VIVUS (VVUS) : Meditor Group Ltd reduced its stake in VIVUS by 38.29% during the most recent quarter end. The investment management company now holds a total of 1,830,000 shares of VIVUS which is valued at $3,294,000 after selling 1,135,616 shares in VIVUS , the firm said in a disclosure report filed with the SEC on Apr 18, 2016.VIVUS makes up approximately 2.28% of Meditor Group Ltd’s portfolio.
VIVUS opened for trading at $1.78 and hit $1.82 on the upside on Friday, eventually ending the session at $1.8, with a gain of 0.56% or 0.01 points. The heightened volatility saw the trading volume jump to 5,79,812 shares. Company has a market cap of $187 M.
Other Hedge Funds, Including , Simplex Trading sold out all of its stake in VVUS during the most recent quarter. The investment firm sold 18,606 shares of VVUS which is valued $32,002.Creative Planning reduced its stake in VVUS by selling 6,982 shares or 45.52% in the most recent quarter. The Hedge Fund company now holds 8,355 shares of VVUS which is valued at $14,371.
On the company’s financial health, VIVUS reported $-0.12 EPS for the quarter, based on the information available during the earnings call on Mar 9, 2016. Analyst had a consensus estimate of $-0.12. The company had revenue of $15.34 million for the quarter, compared to analysts expectations of $22.90 million. The company’s revenue was down -29.3 % compared to the same quarter last year.During the same quarter in the previous year, the company posted $-0.25 EPS.

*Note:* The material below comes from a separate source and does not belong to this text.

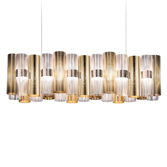 La lámpara de suspensión La Lollo Linear hace honor y está inspirada en los años 50, evocando las divas, asi como las luces de esa emblemática época.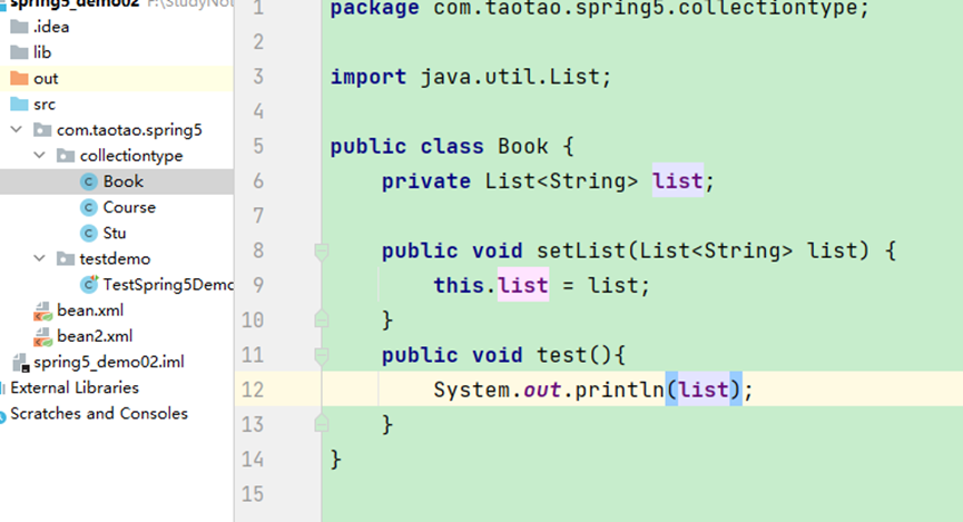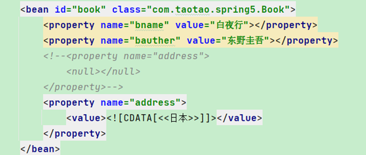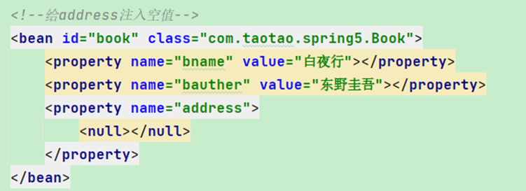 以Book类为例,在Book类中添加一个address属性,然后注入空值

VIVUS Inc. is a biopharmaceutical company. The Company is engaged in the development and commercialization of therapeutic products. It provides two therapies approved by the Food and Drug Association (FDA) which include Qsymia (phentermine and topiramate extended-release) for chronic weight management and STENDRA (avanafil) for erectile dysfunction (ED). The Company is also developing and has completed the Phase II studies of Qsymia for the indication of OSA and diabetes. Qsymia is available in over 42000 certified retail pharmacies across the country. STENDRA is also approved by the European Commission (EC) under the name SPEDRA for the treatment of ED in the Europe. As of September 18 2014 the FDA approved a Supplemental New Drug Application (sNDA) for STENDRA. STENDRA is indicated to be taken approximately 15 minutes before sexual activity.